Our girls will acquire western education despite Boko Haram’s warnings – Dapchi parents insists

191

Some parents of the just released Dapchi school girls have reiterated that their children will continue to acquire western education despite Boko Haram’s threat of not doing so to avoid risking another abduction.

The members of the sect who returned the girls to Dapchi on Wednesday were said to have left a strong warning to the residents that they should not send their children to school again or they would risk being abducted.

Some of the freed girls were also said to have claimed that the insurgents warned them on the verge of their release that they should not return to western education if they did not want to be abducted again.

But some of the parents who spoke with newsmen on Friday said the threats issued by the sect would not deter them from getting their daughters educated.

Musa Kalla, father of Zara Musa, one of the girls abducted and brought back safely, said: “No one can stop me from educating my daughter. It is not possible for me to obey Boko Haram on that kind of advice.

“God is the creator and the maker of everything that happens in this world.

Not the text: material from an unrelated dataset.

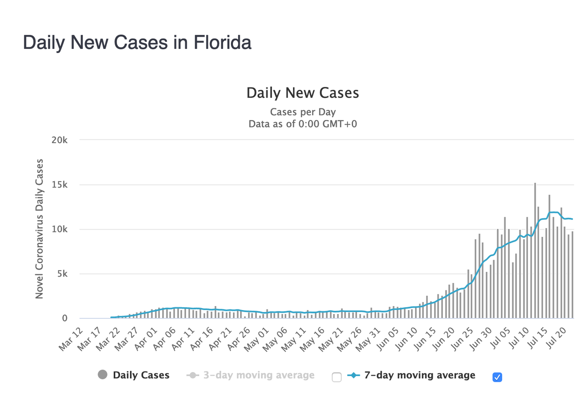 Here's Florida. Their big run up in cases began the start of June and peaked around 7/16. Let's call that 6 weeks.

My daughter Insha Allah (by God’s grace) will continue with her school and become what God has destined her to be.”

Another parent, Fatima Abdullahi, said that having not gone to school herself, she would never compromise her daughter’s education.

She said: “I didn’t go to school, but I know that education is very important.

“It is not possible for somebody to stop the education of my daughter except God says so.

“What Boko Haram is saying is not possible for us to follow.

“Our children will continue to go to school.

“Islam does not forbid knowledge.”

Fatima said that while her daughter may no longer school in Dapchi, she would not object the idea of her continuing her education elsewhere if that became necessary.

“We cannot say now because our children are not in our custody but in the custody of the government.

“But like I said, my daughter will go to school even if government decides to return her to me, but it may not be this school in Dapchi because we cannot have any rest of mind if our children are in that school.”

The Secretary of the Forum of Parents of the missing Dapchi girls, Kachalla Bukar, who interacted with the insurgents when they came to Dapchi to drop off the girls including his daughter, Aisha, categorically said her daughter would continue schooling but not in Dapchi.

He said with the kind of confidence and weapons he saw the Boko Haram insurgents display, he was convinced that nobody could stop them from going to anywhere they want to go.

“In fact, they can even enter Damaturu and abduct girls in any school they want to,” he said.

Asked whether he would heed Boko Haram’s advice to keep his daughter at home, Kachalla said: “We cannot send them to that particular school. It’s not safe for us to keep them at home either.

“There is no security in that school. I can send her to either school in Nguru, Maiduguri or any other state apart from Yobe, because I have confidence that those guys can come to Damaturu and abduct girls if they want to.

“I feel that Nguru is safer because there is a barrack there and it has only one road and plenty rivers, unlike Damaturu and Potiskum which are so porous.

“There are many roads in Damaturu that Boko Haram can follow and you will not catch them.”

Adamu Jumbam, one of the parents whose daughters died in the incident, told our correspondent that he had accepted his fate.

Jumbam said: “I was troubled when other girls were seen on arrival but my daughter Aisha was said to have died along with four others on the day of their abduction.

“All the same, I thank Almighty Allah for this and pray for the repose their souls. We can say the government has tried.”

“The surprising thing is that Boko Haram abducted these girls and still returned then to the heart of the town in broad daylight and went back freely.

“It is absolutely amazing. It troubles our imagination. How will Boko Haram abduct these teenagers over one month, returned them and nothing was done to them?”